On 15 August 2018, HM Treasury published a draft of the Deposit Guarantee Scheme and Miscellaneous Provisions (Amendment) (EU Exit) Regulations 2018, together with an explanatory memorandum.
The draft Regulations are not intended to make policy changes but rather amend legislative provisions concerning deposit guarantee schemes and the Financial Ombudsman Service (FOS) to reflect the UK’s future position outside the EU.
Part 2 of the draft Regulations concern the FOS and amends the references to EU legislation (the Alternative Dispute Resolution Directive) in schedule 17 of the Financial Services and Markets Act 2000 (FSMA) to ensure they function post Brexit.
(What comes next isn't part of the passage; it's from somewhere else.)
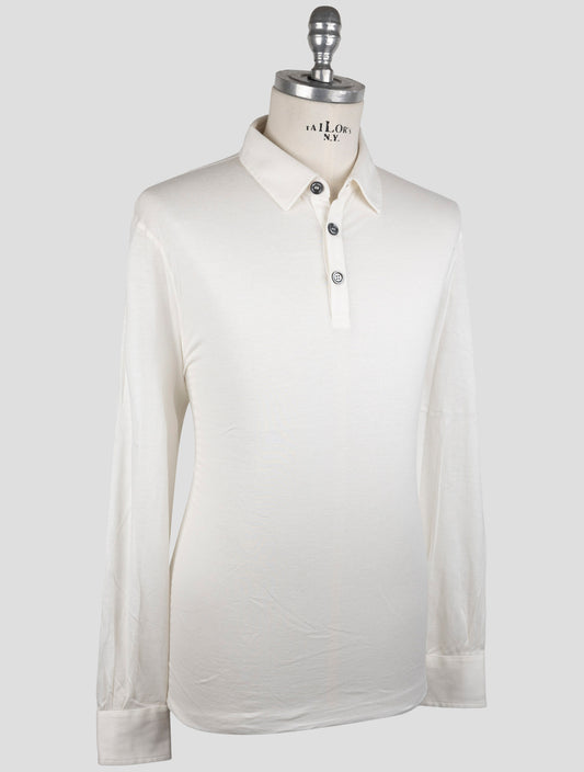Pull Polo en Cachemire Coton Blanc Kiton
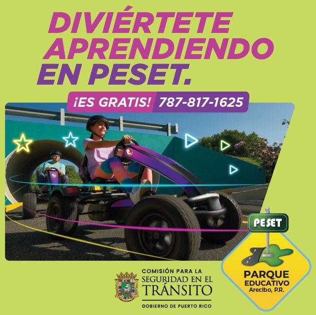 La Comisión para la Seguridad en el Tránsito (CST) invita a los directores de las escuelas públicas y privadas a coordinar, vía teléfono o email, una visita al Parque Educativo Seguridad en el Tránsito (PESET) es el único en todo PR y el acceso al mismo es gratis. El parque tiene como propósito educar a los visitantes sobre el conocimiento y entendimiento de la Ley 22-2000 mejor conocida como Ley de Vehículos y Tránsito de Puerto Rico, con el fin de fortalecer la educación sobre la seguridad vial en el país.

Part 3 of the draft Regulations covers deposit guarantee schemes. The Deposit Guarantee Schemes Directive is an EU Directive which harmonises the scope, eligibility, financing and repayment times of deposit coverage in the EU. The Financial Services Compensation Scheme (FSCS) is the UK’s deposit guarantee scheme and pays compensation to depositors when an authorised UK credit institution fails. The FSCS also provides compensation to customers of certain other types of firm, for example insurers and investment firms. Brexit related changes to the FSCS membership and rules are being made in the EEA Passport Rights (Amendment etc, and Transitional Provisions) (EU Exit) Regulations 2018 and the UK regulator’s rulebooks.
However, further changes to the UK’s regime for deposit guarantee schemes are needed and Part 3 of the draft Regulations:
- transfer coverage level setting power from EU institutions to UK institutions. The PRA will have the power to review, adjust and set the deposit coverage level with approval from HM Treasury;
- removes the arrangement whereby the FSCS administers compensation payments to depositors at UK branches of EEA credit institutions on behalf of an EEA deposit guarantee scheme. However, the draft Regulations include a transitional provision allowing the FSCS to continue after Brexit to accept instructions and funds from an EEA deposit guarantee scheme in the event that an EEA firm operating in the UK fails immediately before Brexit;
- removes the requirement for the PRA to notify the European Banking Authority each year of the amount of deposits in the UK which are covered by the FSCS and the funding available to the FSCS; and
- amends EU references and removes arrangements which will no longer be appropriate after Brexit.
HM Treasury plans to lay the draft Regulations before Parliament in the autumn.